**Given records**
------------
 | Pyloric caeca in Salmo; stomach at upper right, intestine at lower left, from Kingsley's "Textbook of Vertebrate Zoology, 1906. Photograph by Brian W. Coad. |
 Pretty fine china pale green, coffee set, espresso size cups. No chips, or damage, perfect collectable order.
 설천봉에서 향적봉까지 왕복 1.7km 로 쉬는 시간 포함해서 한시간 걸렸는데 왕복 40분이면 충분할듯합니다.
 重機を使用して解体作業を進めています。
------------
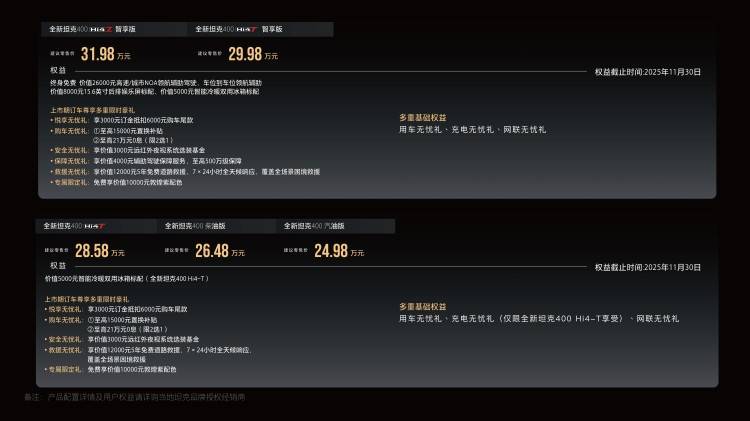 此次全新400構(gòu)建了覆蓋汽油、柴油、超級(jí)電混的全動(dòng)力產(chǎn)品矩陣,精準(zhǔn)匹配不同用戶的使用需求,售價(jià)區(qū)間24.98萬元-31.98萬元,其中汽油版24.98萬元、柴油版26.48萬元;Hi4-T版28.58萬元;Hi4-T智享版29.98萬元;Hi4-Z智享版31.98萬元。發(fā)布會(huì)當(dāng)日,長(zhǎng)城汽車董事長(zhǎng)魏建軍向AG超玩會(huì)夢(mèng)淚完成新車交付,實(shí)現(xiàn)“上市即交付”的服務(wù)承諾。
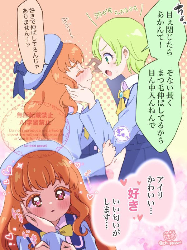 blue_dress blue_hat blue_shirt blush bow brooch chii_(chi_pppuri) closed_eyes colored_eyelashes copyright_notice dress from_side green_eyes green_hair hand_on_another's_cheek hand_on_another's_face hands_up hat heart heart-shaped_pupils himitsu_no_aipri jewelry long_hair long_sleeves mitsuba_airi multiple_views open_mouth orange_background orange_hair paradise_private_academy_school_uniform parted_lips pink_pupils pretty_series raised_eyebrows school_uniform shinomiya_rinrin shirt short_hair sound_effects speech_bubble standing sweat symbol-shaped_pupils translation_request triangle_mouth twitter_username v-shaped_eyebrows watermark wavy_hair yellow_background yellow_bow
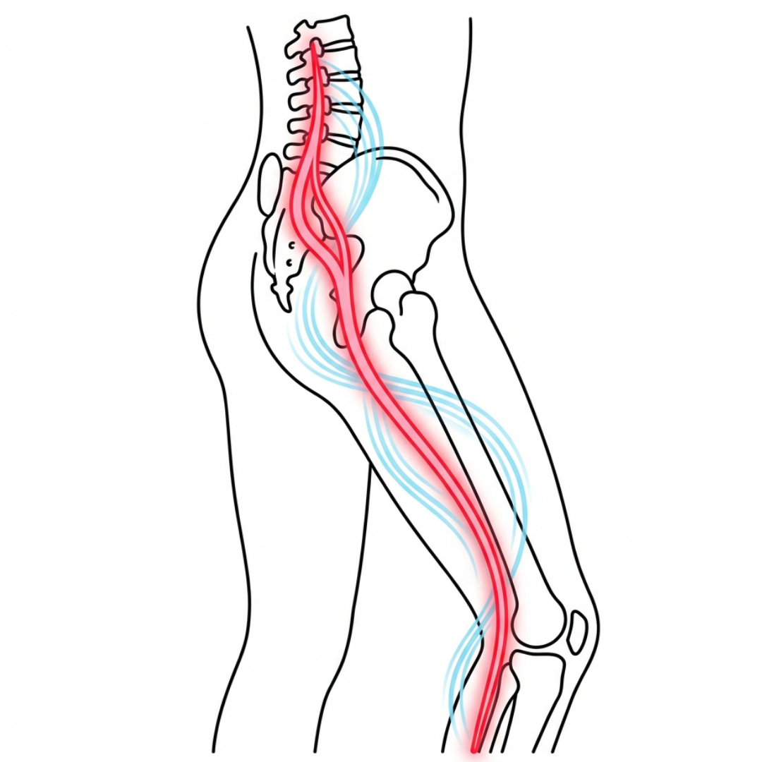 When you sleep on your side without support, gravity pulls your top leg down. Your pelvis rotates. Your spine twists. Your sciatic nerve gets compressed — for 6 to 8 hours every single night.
------------
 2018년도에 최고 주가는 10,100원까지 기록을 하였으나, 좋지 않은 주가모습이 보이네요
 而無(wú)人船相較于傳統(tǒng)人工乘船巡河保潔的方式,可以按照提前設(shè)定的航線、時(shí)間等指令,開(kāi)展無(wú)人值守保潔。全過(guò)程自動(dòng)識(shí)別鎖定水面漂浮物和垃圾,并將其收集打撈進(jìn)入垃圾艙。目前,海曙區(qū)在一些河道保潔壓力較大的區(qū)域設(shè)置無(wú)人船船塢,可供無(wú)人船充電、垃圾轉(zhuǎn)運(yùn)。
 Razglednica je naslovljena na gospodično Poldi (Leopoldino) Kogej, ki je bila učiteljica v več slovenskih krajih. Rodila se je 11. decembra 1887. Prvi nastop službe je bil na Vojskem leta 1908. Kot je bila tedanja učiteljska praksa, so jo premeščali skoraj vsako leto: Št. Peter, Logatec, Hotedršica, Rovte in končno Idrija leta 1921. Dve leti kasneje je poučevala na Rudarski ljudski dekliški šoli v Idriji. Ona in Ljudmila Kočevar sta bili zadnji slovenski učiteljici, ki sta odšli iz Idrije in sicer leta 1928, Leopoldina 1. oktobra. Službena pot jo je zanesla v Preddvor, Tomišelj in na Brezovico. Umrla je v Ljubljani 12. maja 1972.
------------
**Try it**
Everything above from the line containing "설천봉에서 향적봉까지 왕복" down to the line containing "重機を使用して解体作業を進めています。" is to be transcribed exactly, with both of those lines included and nothing else added.

**Finished exercise**
 설천봉에서 향적봉까지 왕복 1.7km 로 쉬는 시간 포함해서 한시간 걸렸는데 왕복 40분이면 충분할듯합니다.
 重機を使用して解体作業を進めています。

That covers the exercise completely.